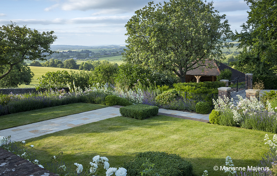 Stone path across lawn, Rosa ‘Iceberg’, clipped Buxus sempervirens cubes in lawn, Centranthus ruber ‘Albus’, Lavandula angustifolia ‘Hidcote’ border edging
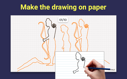 In the on-paper option, you will see the drawing steps in the app, and you have to make the drawing on a paper.
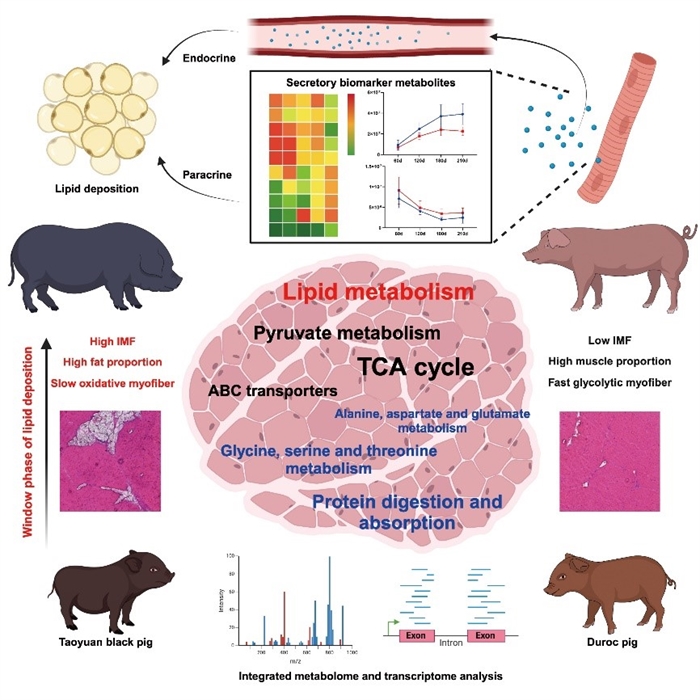 中国是世界上最大的猪肉生产和消费国。桃源黑猪原产于湖南省桃源县,是中国特有的脂肪型地方品种猪,与瘦肉型杜洛克猪相比,具有更高的肌内脂肪含量和慢肌纤维占比,以优良的肉品质著称,同时具有更丰富的外周脂肪沉积。调控桃源黑猪的脂肪沉积,在降低外周脂肪的同时提高肌内脂肪含量,具有较高的经济价值。同时,挖掘和利用我国地方猪种质资源,对实现种业振兴具有重要的意义。肌肉和脂肪组织同时是重要的代谢和分泌器官,肌肉和脂肪组织之间通过分泌因子进行对话,也被称为“肌-脂互作轴”。分泌型代谢物作为肌-脂互作的重要媒介,能够调控肌肉分化、代谢稳态和脂肪沉积。因此,桃源黑猪和杜洛克猪也是研究肌-脂互作机制和代谢性疾病的理想动物模型。
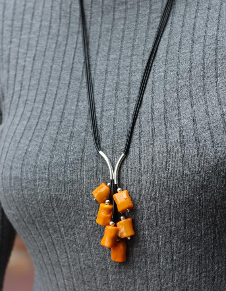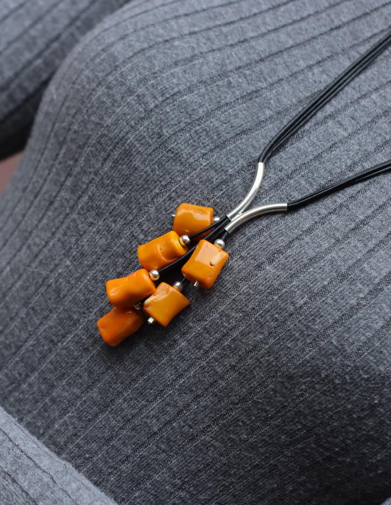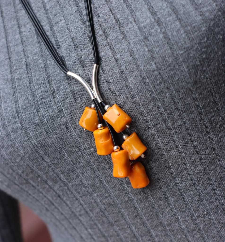 Długi naszyjnik Grono wykonany z żółtego korala w kształcie walców, srebra pr.925 oraz rzemienia w czarnym kolorze.
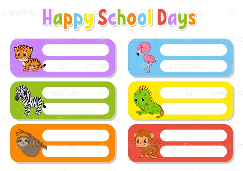 Яркие наклейки. Прямоугольная этикетка. Симпатичные персонажи. Цветовая векторная изолированная иллюстрация
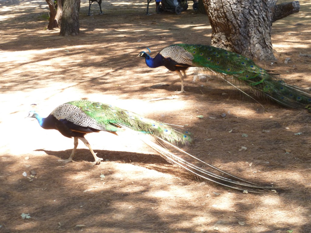 The island has a burgeoning peacock population:
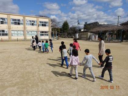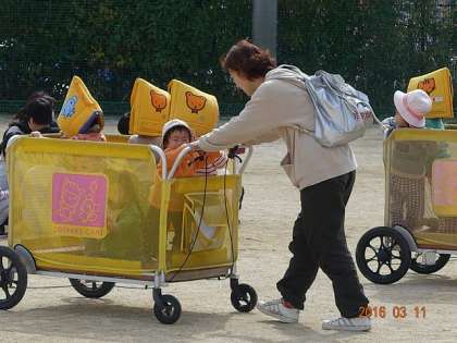 ちゃんと手をつないで,きちんと列を作っていますね。お利口さんですね。
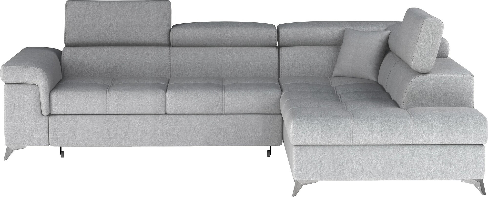 Eridano is a multifunctional, comfortable and elegant L-shaped corner sofa that can be a luxurious finishing touch to any living room. It is a high-quality piece of furniture, synonymous with comfort and class, thanks to its wide seat with a depth of 60 cm and solid filling - corrugated spring together with T30 foam, as well as high quality HR elastic foam gives the effect of exceptional resilience while properly supporting the body during rest. Behind the Eridano with dimensions of 275 x 202 x 90 cm, there is not only comfort, but also well-slept nights through an exceptionally large sleeping surface. The folding type of the dolphin mechanism allows you to simply and intuitively unfold the sofa, which transforms into a spacious bed of 125 x 193 cm. In addition, our corner sofa is also equipped with a practical and spacious bedding storage located in the upward-opening ottoman.Among the characteristics of this model we can include a wide armrest, upholstered back, contoured backrest with movable headrests, High-gloss metal chrome legs, as well as a multitude of variants in rich colors. If you are curious about what else our Eridano has to offer - we invite you to test our corner sofa.
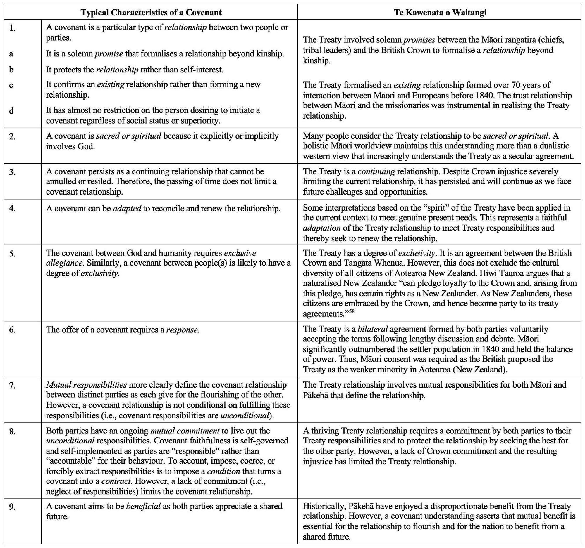 I have shown that the Treaty exhibits the fundamental, overarching characteristic of a covenant as the signatories appreciated that it would protect the relationship between Tangata Whenua and Pākehā. From this essential foundation, we can now briefly consider whether the Treaty is consistent with the other eight typical characteristics of a covenant. An initial concise comparison in Table 1 shows that the Treaty and its context map well onto all the identified characteristics of a covenant, and this provides further confidence in the legitimacy of understanding the Treaty relationship in covenantal terms.
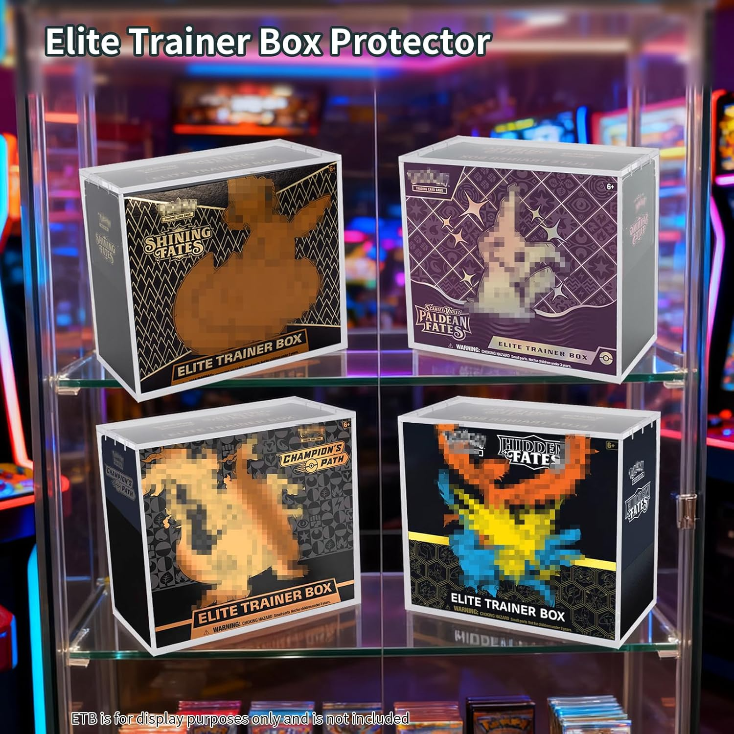 Preserve and showcase your prized collection with the Elite Trainer Box Protector Case, the ultimate display and defense solution for sealed Pokémon ETBs. Built from crystal-clear, scratch-resistant acrylic, this magnetic case protects your collectibles from dust, UV light, and moisture while offering a flawless, museum-quality view.
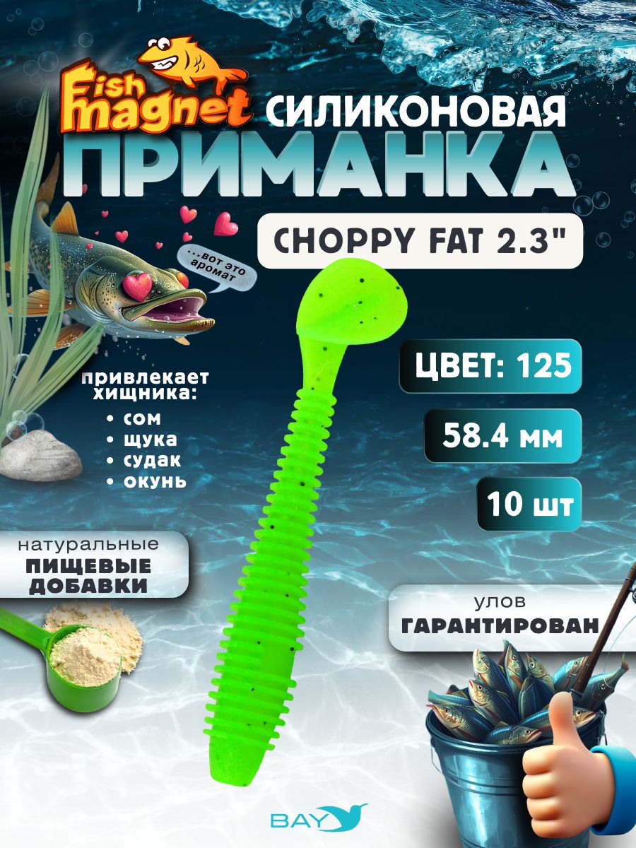 Силиконовая приманка Fish Magnet CHOPPY FAT 2.3", съедобная, 58.4 мм, цвет 125, 10 шт для хищной рыбы
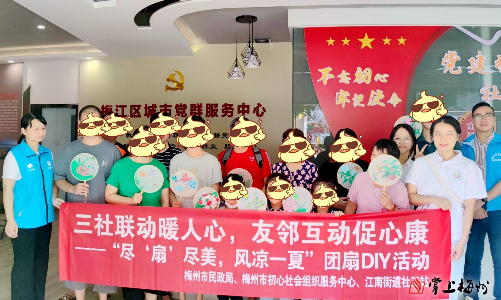 掌上梅州讯 2023年8月25日是全国第七个残疾预防日,在预防日来临之际,由梅州市民政局的指导,梅江区精神障碍社区康复中心联动梅江区司法局、江南街道办、江南街道社工站开展的“三社联动暖人心,友邻互动促心康——尽‘扇’尽美,清凉一夏团扇DIY活动”在梅江区江南街道社工站举办,12名梅江区精神障碍康复者及家属参加活动。
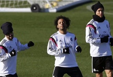 Cristiano Ronaldo (d), con Isco (i) y Marcelo en el entrenamiento en Valdebebas. | EFE
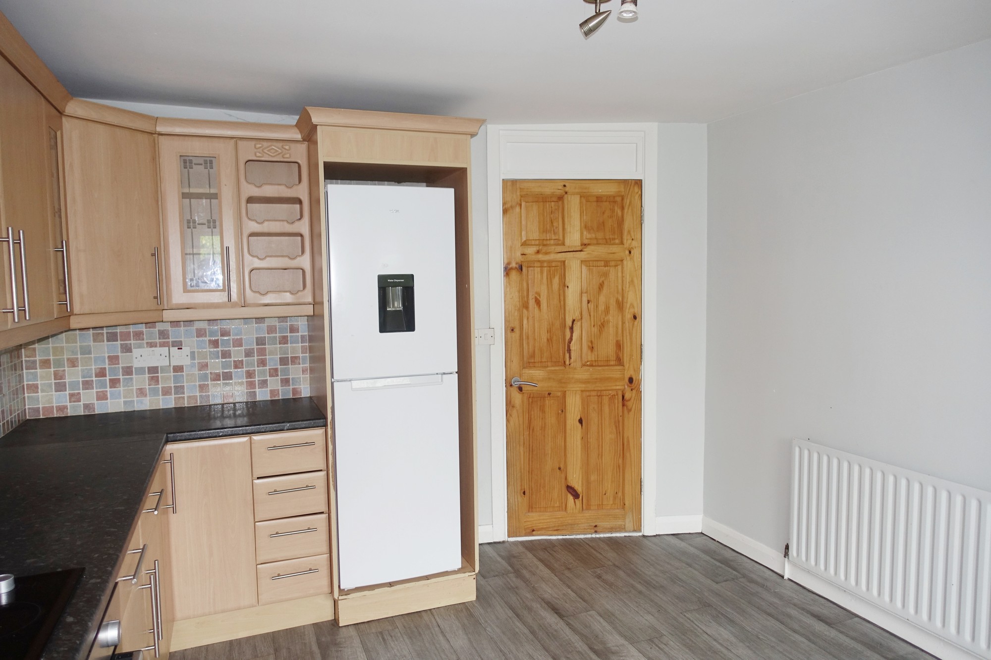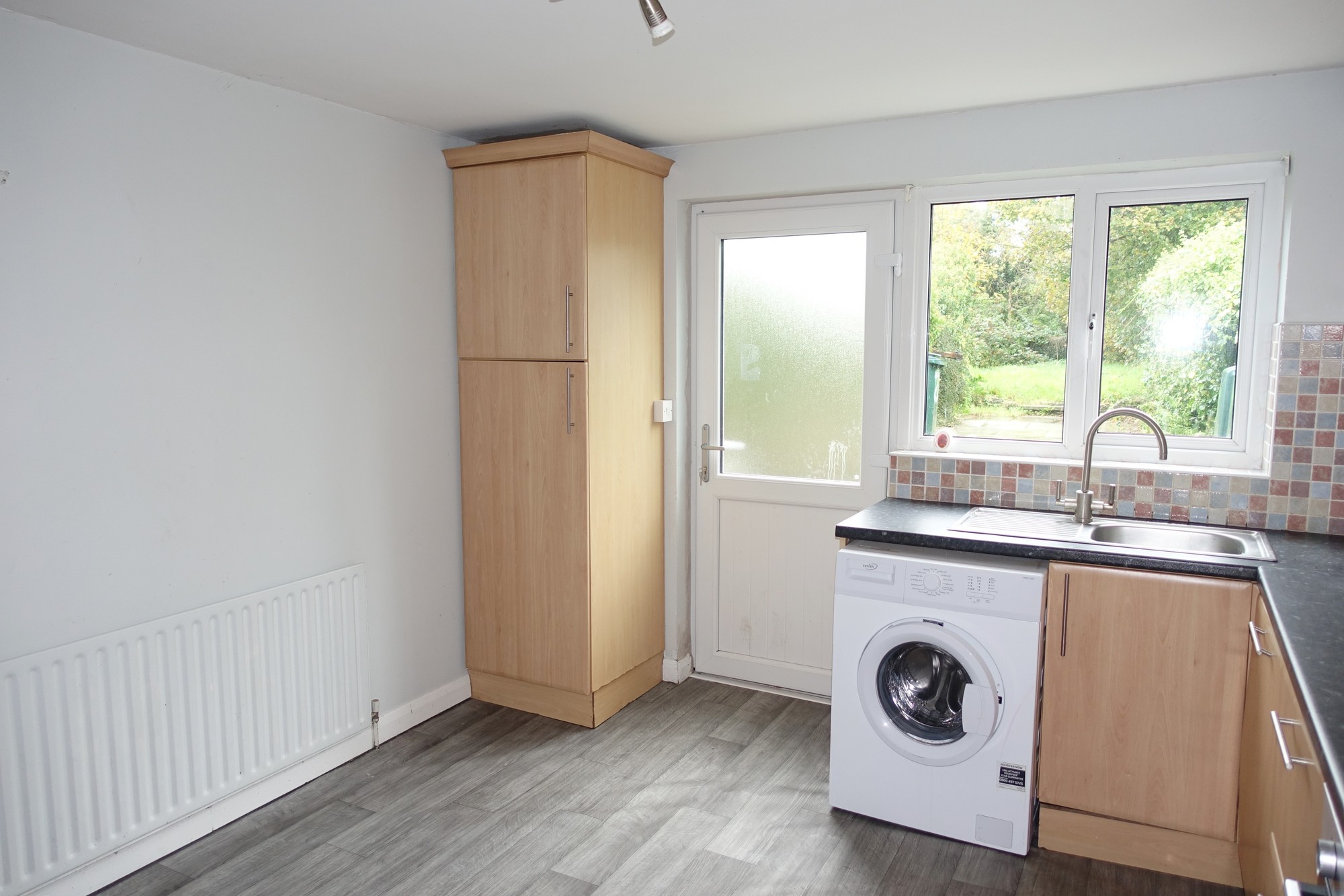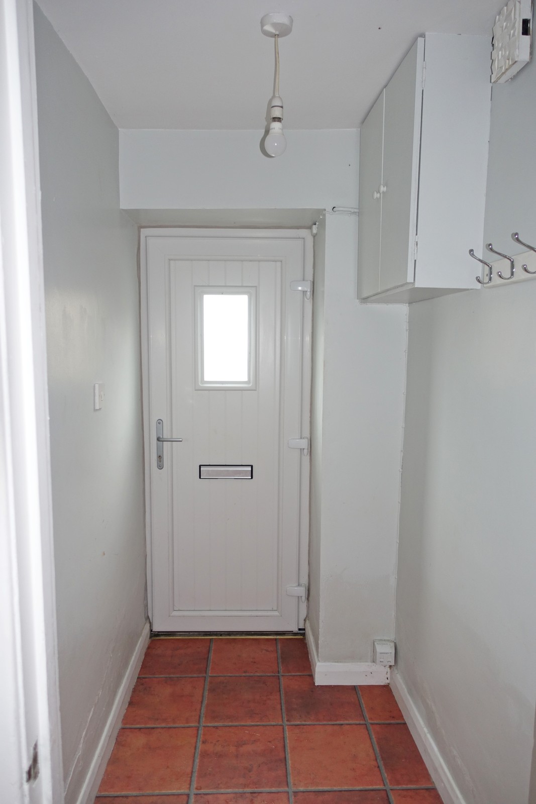 PVC exterior door with glazed inset, laminated floor, glazed door to lounge.

########

What is required
Every line of the records above must reappear exactly, though the pictures must not.

Answer box
 Stone path across lawn, Rosa ‘Iceberg’, clipped Buxus sempervirens cubes in lawn, Centranthus ruber ‘Albus’, Lavandula angustifolia ‘Hidcote’ border edging
 In the on-paper option, you will see the drawing steps in the app, and you have to make the drawing on a paper.
 中国是世界上最大的猪肉生产和消费国。桃源黑猪原产于湖南省桃源县,是中国特有的脂肪型地方品种猪,与瘦肉型杜洛克猪相比,具有更高的肌内脂肪含量和慢肌纤维占比,以优良的肉品质著称,同时具有更丰富的外周脂肪沉积。调控桃源黑猪的脂肪沉积,在降低外周脂肪的同时提高肌内脂肪含量,具有较高的经济价值。同时,挖掘和利用我国地方猪种质资源,对实现种业振兴具有重要的意义。肌肉和脂肪组织同时是重要的代谢和分泌器官,肌肉和脂肪组织之间通过分泌因子进行对话,也被称为“肌-脂互作轴”。分泌型代谢物作为肌-脂互作的重要媒介,能够调控肌肉分化、代谢稳态和脂肪沉积。因此,桃源黑猪和杜洛克猪也是研究肌-脂互作机制和代谢性疾病的理想动物模型。
 Długi naszyjnik Grono wykonany z żółtego korala w kształcie walców, srebra pr.925 oraz rzemienia w czarnym kolorze.
 Яркие наклейки. Прямоугольная этикетка. Симпатичные персонажи. Цветовая векторная изолированная иллюстрация
 The island has a burgeoning peacock population:
 ちゃんと手をつないで,きちんと列を作っていますね。お利口さんですね。
 Eridano is a multifunctional, comfortable and elegant L-shaped corner sofa that can be a luxurious finishing touch to any living room. It is a high-quality piece of furniture, synonymous with comfort and class, thanks to its wide seat with a depth of 60 cm and solid filling - corrugated spring together with T30 foam, as well as high quality HR elastic foam gives the effect of exceptional resilience while properly supporting the body during rest. Behind the Eridano with dimensions of 275 x 202 x 90 cm, there is not only comfort, but also well-slept nights through an exceptionally large sleeping surface. The folding type of the dolphin mechanism allows you to simply and intuitively unfold the sofa, which transforms into a spacious bed of 125 x 193 cm. In addition, our corner sofa is also equipped with a practical and spacious bedding storage located in the upward-opening ottoman.Among the characteristics of this model we can include a wide armrest, upholstered back, contoured backrest with movable headrests, High-gloss metal chrome legs, as well as a multitude of variants in rich colors. If you are curious about what else our Eridano has to offer - we invite you to test our corner sofa.
 I have shown that the Treaty exhibits the fundamental, overarching characteristic of a covenant as the signatories appreciated that it would protect the relationship between Tangata Whenua and Pākehā. From this essential foundation, we can now briefly consider whether the Treaty is consistent with the other eight typical characteristics of a covenant. An initial concise comparison in Table 1 shows that the Treaty and its context map well onto all the identified characteristics of a covenant, and this provides further confidence in the legitimacy of understanding the Treaty relationship in covenantal terms.
 Preserve and showcase your prized collection with the Elite Trainer Box Protector Case, the ultimate display and defense solution for sealed Pokémon ETBs. Built from crystal-clear, scratch-resistant acrylic, this magnetic case protects your collectibles from dust, UV light, and moisture while offering a flawless, museum-quality view.
 Силиконовая приманка Fish Magnet CHOPPY FAT 2.3", съедобная, 58.4 мм, цвет 125, 10 шт для хищной рыбы
 掌上梅州讯 2023年8月25日是全国第七个残疾预防日,在预防日来临之际,由梅州市民政局的指导,梅江区精神障碍社区康复中心联动梅江区司法局、江南街道办、江南街道社工站开展的“三社联动暖人心,友邻互动促心康——尽‘扇’尽美,清凉一夏团扇DIY活动”在梅江区江南街道社工站举办,12名梅江区精神障碍康复者及家属参加活动。
 Cristiano Ronaldo (d), con Isco (i) y Marcelo en el entrenamiento en Valdebebas. | EFE
 PVC exterior door with glazed inset, laminated floor, glazed door to lounge.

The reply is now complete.